Yet Another Plaintiffs’ Lawyer Sanctioned for Greed
“The Kentucky Supreme Court has voted to disbar Ohio trial attorney Stanley Chesley, a legend of the plaintiffs’s bar whose reputation as a champion of the underdog was marred by accusations of greed,” according to the Wall Street Journal.
“The court said Mr. Chesley may not have been aware of the ‘direct deception’ of clients, but there was convincing evidence he had ‘knowingly participated in a scheme to skim millions of dollars in excess attorney’s fees from unknowing clients'” after a $200 million settlement in a diet drug case.
Commenting online in connection with the WSJ’s story, American Tort Reform Association director of communications Darren McKinney wrote:
Yet another tawdry example of unscrupulous behavior among plaintiffs’ lawyers, putting the lie to their collective claim that they live to stick up for the little guy who is supposedly too often victimized by big, bad, greedy corporations.

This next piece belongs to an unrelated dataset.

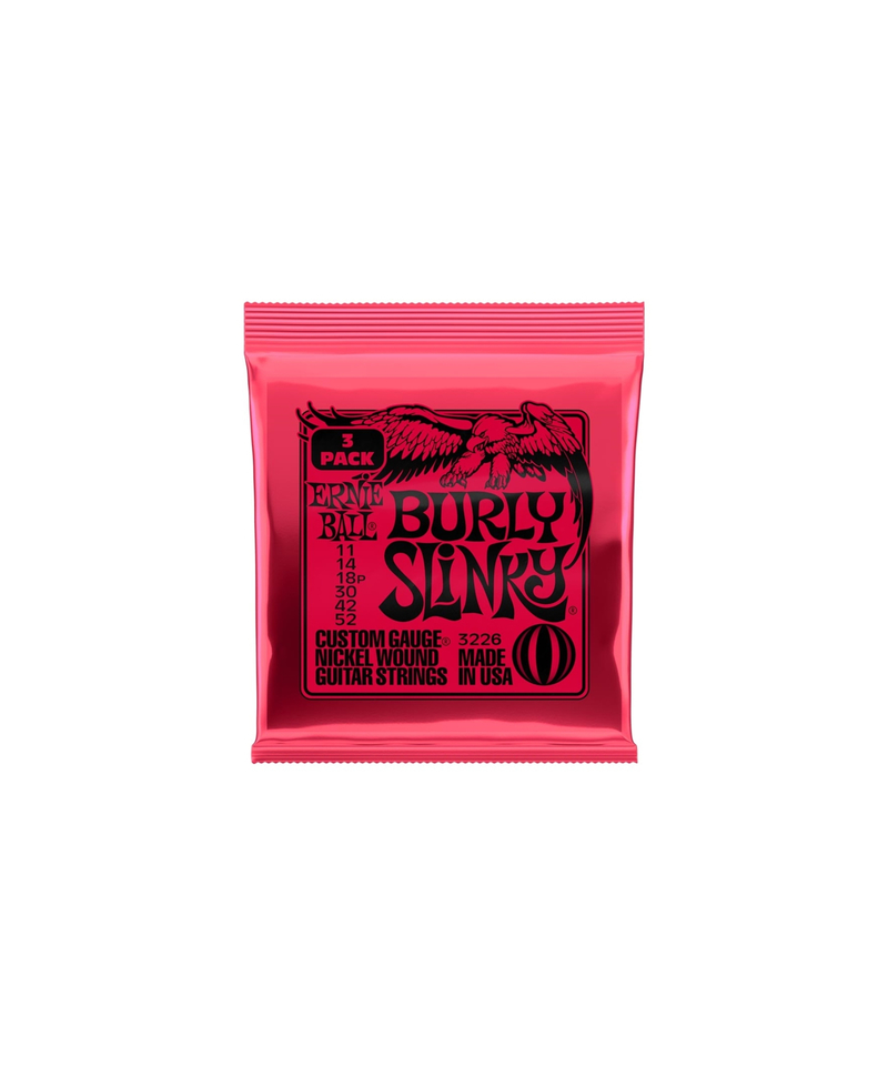 3226 è il pack da tre set di corde per chitarra elettrica della serie Burly Slinky Nickel Wound con scalatura 11-52 di casa Ernie Ball. Sono costruite con un filo di acciaio nichelato avvolto attorno ad un'anima esagonale di acciaio stagnato. Le corde lisce sono costruite in acciaio temprato stagnato ad elevato contenuto di carbonio, e producono un suono ben bilanciato.

Well, whether it’s bribing judges (Dickie Scruggs), rigging securities class actions (Bill Lerach and Mel Weiss), conspiring to gin up fraudulent asbestos claims (Robert Peirce and Louis Raimond), disgracefully stealing from clients (Stan Chesley, et al.) or otherwise abusing and degrading our civil justice system at considerable expense to our economy and society as a whole, it seems that plenty of plaintiffs’ lawyers are at least as greedy and self-serving as they’ve hyperbolically claimed corporate executives to be.